I am not going to lie. When I first woke up, I was not a glass half full kind of girl. I was more of….I have a glass. I think I have navigated the worst of my grief quite privately. I believe in the power of the word. Thoughts become things. Sometimes those things are weeds in the garden of life that should be pulled. Sometimes the weeds offer a signpost of something to take notice of. I am grateful that I have a decades long self awareness and meditation practice. I have learned when to lead, follow or get out of the way.
Please do not mistake my silence at times as a weakness. I consider it a great strength. I choose not to cause harm to others if I am not feeling mentally safe myself. At the same time there is so much strength in vulnerability.
Again, do not mistake my vulnerability as a weakness. It takes great strength and fortitude to communicate clearly when feeling anxiety, fear or threatened. As a blind woman my translation time may be delayed longer than a sighted person, but I have to discern what is going on without all of the variables.
When people like myself go through such a catastrophic life-changing event all eyes are on the person in recovery. Some attention is shared with the supportive family until life goes on. The grief and loss of the loved ones can sometimes be greater than the person experiencing the loss. I had a whole team that includes a psychologist. I also had a large self-awareness practice and could recognize milestones and signposts of
grief. My life changed from being the caregiver to being the one cared for. My partner did not receive the same supports as I. He has different mental health skills than I do. Men are proud.

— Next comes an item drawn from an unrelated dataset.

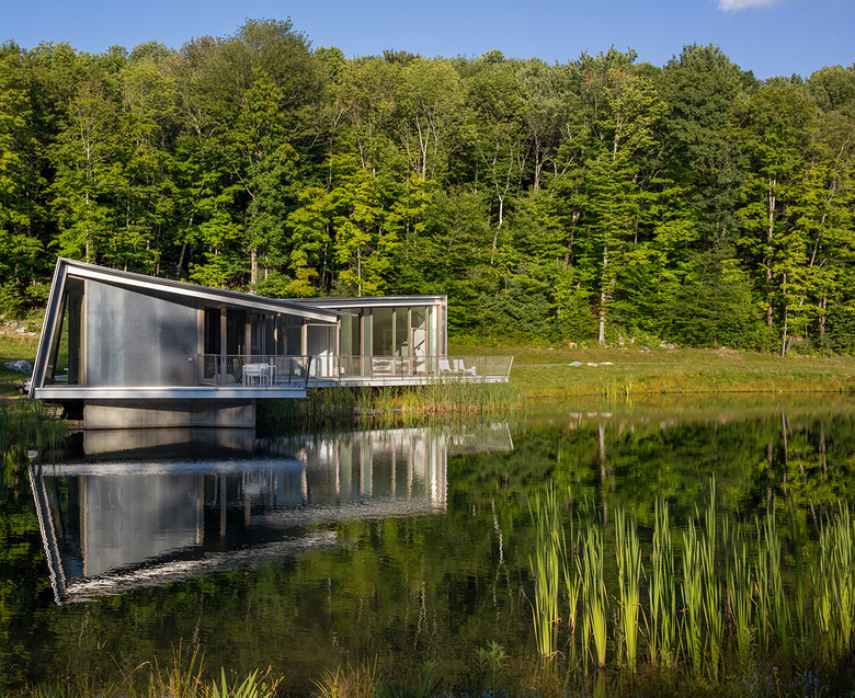 This house, located a few hours north of New York City, takes its name from the pond it sits upon and looks across. Following the pond's edge, the house's curved form also relates to the sun overhead. Dean / Wolf Architects answered a few questions about Ephemeral Edge.
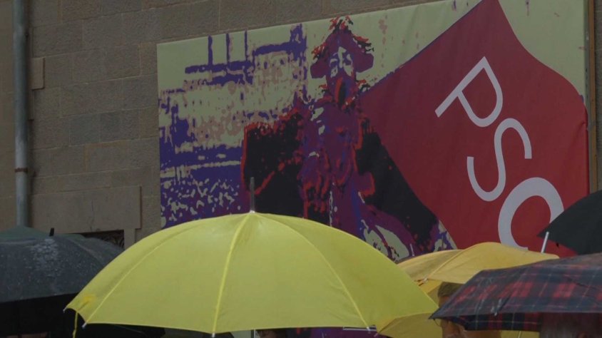 Josep Guix, portaveu del PSC a l'Ajuntament d'Olot: "Estem dolguts perquè el PSC és un col·lectiu que forma part d'aquesta ciutat, i que ha treballat moltíssim per millorar les condicions de vida de la gent de la comarca, i sobretot les classes humils i treballadores. Ens sap greu que surti un mural així a Olot i que estigui a la façana de l'Ajuntament".

I realized quite early on that I could not be his person through his grief and adjustment yet expected him to help me. Look after me. Do my paperwork, accounting, and business. My world was digital. His was analog.. We did not compute.
We are finding our way. I have my supports. I am taking back many of my previous roles or finding people more suited to others. We are finding ways to communicate with dignity and respect. I am stronger and more able to use healthy boundaries to ask for the same.
I am a person of action. I am a leader. I have been guilty of doing for others things they should do for themselves. Today I choose to be a forklift operator and meet people where they are at. I can say with compassion I think you need help with that. I am not in a safe place to help you today.
I can say with compassion “you need to put on your oxygen mask and look after yourself.” Mothers learn this lesson by necessity, sometimes after they are drowning.
Navigating through years of chronic illness topped off with a grand finally of blindness is not for the faint of heart. It has not been an easy ride. I am grateful for the support that was given. Not all gifts are neatly wrapped in a bow with nice paper. The trick is to see the gift given through the grief-stricken eyes of both the giver and the receiver.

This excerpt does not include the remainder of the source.